Encryption — a technique for ensuring information by scrambling it into a muddled structure. It is an efficient encoding process which is just reversible with the correct key.

Tokenization — a strategy for supplanting delicate information with non-touchy placeholder tokens. These tokens are swapped with information put away in social databases and records.

Information veiling — a procedure that scrambles information, either a whole database or a subset. In contrast to encryption, veiling isn’t reversible; not normal for tokenization, covered information is valuable for restricted purposes. There are a few sorts of information concealing:

Static information concealing (SDM) covers information ahead of time of utilizing it. Non creation databases veiled NOT continuously.

Dynamic information concealing (DDM) covers generation information progressively

Information Redaction — veils unstructured substance (PDF, Word, Excel)

Tokenization

For tokenization of PHI — there are numerous bits of information which must be packaged up in various ways for a wide range of crowds. Utilizing the tokenized information expects it to be de-tokenized (which generally incorporates a decoding procedure). This acquaints an overhead with the procedure. An individual’s medicinal history is a blend of therapeutic properties, specialist visits, redistributed visits. It is an entrapped set of individual, monetary, and therapeutic information. Various gatherings need access to various subsets. Every group of spectators needs an alternate cut of the information — yet should not see its remainder. You have to issue an alternate token for every single group of spectators. You will require a very refined token administration and following framework to partition up the information, issuing and following various tokens for every group of spectators.

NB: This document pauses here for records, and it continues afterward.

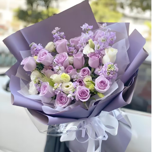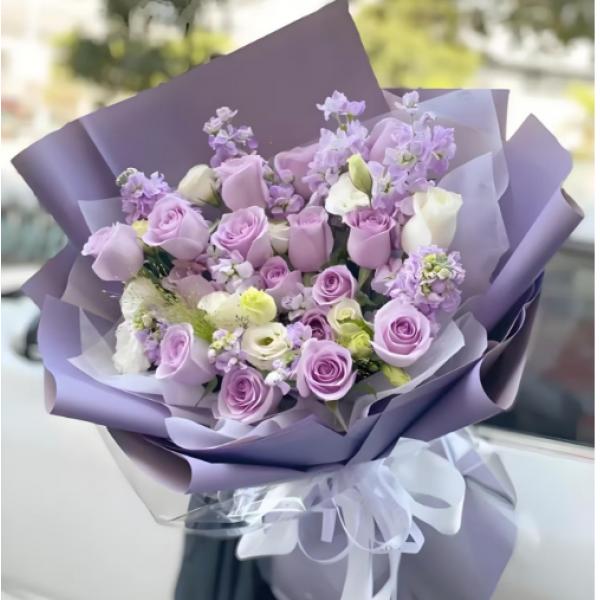 | 材质: | 16枝紫玫瑰,3枝白玫瑰,6枝浅紫色紫罗兰,桔梗,喷泉草搭配 |
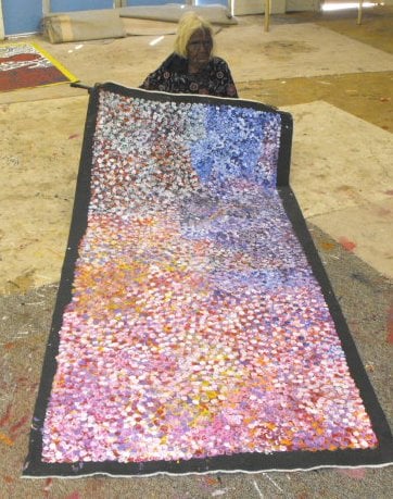 Polly now lives at Camel Camp on Utopia with her family and sisters, Kathleen, Maisy and Angeline Pwerle.
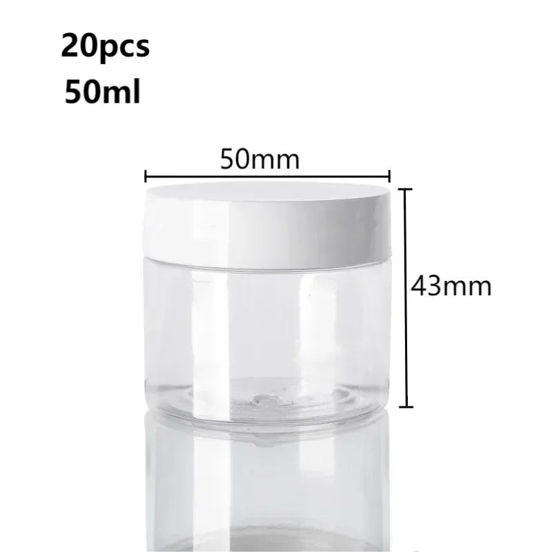 20pcs 30/50/60/80/100/150ml Plastic Empty Jars With White Lids Canister Face Cream Container Food Travel Bottle Home Supplies
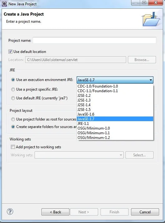 Lembrando que a versão do eclipse Indigo que roda o Java 7.
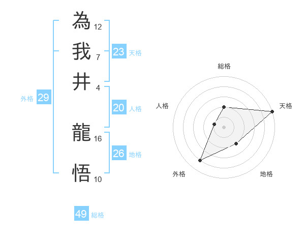 為我井 龍悟さんを姓名の画数から五運を鑑定
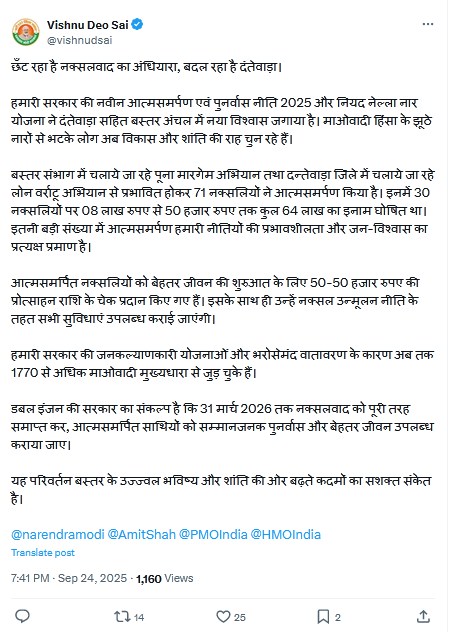 रायपुर- मुख्यमंत्री विष्णु देव साय ने कहा कि राज्य सरकार की नवीन आत्मसमर्पण एवं पुनर्वास नीति 2025 और नियद नेल्ला नार योजना ने दंतेवाड़ा सहित पूरे बस्तर अंचल में नया विश्वास जगाया है। माओवादी हिंसा के झूठे नारों से भटके लोग अब विकास और शांति की राह चुन रहे हैं।

List Of The Best Data Masking Tools

  1. DATAPROF — Test Data Simplified

DATPROF delivers several tools:

  • DATPROF provides a smart way of masking and generating data for testing the database
  • DATPROF has a patented algorithm for subsetting database in a really simple and proven way
  • The software is able to handle complex data relationship with an easy to use interface
  • It has a really smart way to temporarily bypass all triggers, constraints and indexes so it is the best performing tool in the market.

Download Link: DATPROF — Test Data Simplified

2. Oracle Data Masking And Subsetting

Oracle Data Masking and Subsetting benefits database clients to advance security, quicken submission, and cut IT prices.

It helps in removing the duplicates for testing of data, development, and other actions by removing redundant data and files. This tool suggests data plotting and uses masking description. It comes up with encoded guidelines for HIPAA, PCI DSS, and PII.

Features:

  • Discovers Complex Data and its relationships automatically.
  • Wide Masking Plan Library and enhanced Application Models.
  • Revolutions of complete data masking.
  • Fast, Secure and Assorted.

Pros:

  • It proposes various customs for masking data.
  • It supports non-oracle databases as well.
  • It takes less time to run.

Cons:

  • High-cost.
  • Less secured for development and testing environments.

Pricing: Contact for Pricing.

URL: Oracle Data Masking and Subsetting

3. Delphix

Delphix is a fast as well as secure data masking tool for masking data across the company. It comes up with encoded rules for HIPAA, PCI DSS, and the SOX.

The Delphix Masking Engine is combined with a Delphix data virtualization platform to save and store data loading. DDM exists through a partnership company with HexaTier.

Features:

  • End-to-end data masking and creates reports for the same.
  • Masking Combined with data virtualization to progress transport of the data.
  • Easy in use as no training is required to mask data.
  • It migrates data steadily across sites, on-premises or in the cloud.

Pros:

  • Easy and in-time regaining of records.
  • Virtualization of databases.
  • Data refreshing is fast.

Cons:

  • High cost.
  • SQL server databases are slow and limited.
  • Reliant on NFS old protocols.

Pricing: Contact for pricing.

URL: Delphix

4. Informatica Persistent Data Masking

Informatica Persistent Data Masking is an accessible data masking tool that helps an IT organization to access and manage their most complex data.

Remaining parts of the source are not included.